Docket Inflation at the FISA Court?
As I noted in my last post, I’m a bit alarmed by the docket numbers we’re seeing out of the FISC court. The order released today appears to be the 158th docket for the year.
Compare that to the docket numbers from 2009, as revealed in the orders Reggie Walton issued while trying to clean up NSA’s act. His November 5, 2009 order appears to be just the 15th docket for the year, as compared to Mary McLaughlin’s October order being the 158th.
We’re running at 10 times the pace we were 4 years ago.
The thing is, while the comparison does make this year seem especially bad, it actually seems to be part of a longer trend.
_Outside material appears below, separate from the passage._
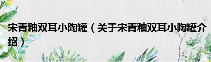 宋青釉雙耳小陶罐(關于宋青釉雙耳小陶罐介紹)

Here’s the numbers of NSLs and Section 215 orders the FISC has issued since 2005.
Before we knew how extensive the phone dragnet was, these numbers suggested some of the NSL production got moved into the secret interpretations of Section 215 after 2010 (which is about the same time Ron Wyden and Mark Udall got especially shrill about it).
While that may or may not explain the big jump between 2009 — when the Walton numbers are perfectly consistent — and 2011, it’s not the phone dragnet driving the numbers. That has only been responsible for something like 6 dockets in any given year, and more often just 4 (for example, even in 2009, the multiple iterations were just additional entries to the docket tied to that quarter’s order).
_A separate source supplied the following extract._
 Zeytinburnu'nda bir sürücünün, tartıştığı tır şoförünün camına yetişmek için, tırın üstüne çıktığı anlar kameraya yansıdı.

I thought, too, the Boston Marathon attack might explain higher numbers for this year. But we might even come in slightly lower than we did last year.
Which is another way of noting how deceitful these numbers are. Any single NSL could include more than one American. We know at least some of the Section 215 orders include every American.
So how many records might these entail of each one could represent every American?
Trash is coming to this here docket!
If we judge from the leaked orders they have been perfectly willing to allow massive trawling in the past limiting the order to everyone on one company. If that were still the standard then at this rate they’d have five dragnet orders for every telco. Perhaps however they are choosing or being forced to be more specific with the orders and that is raising the count.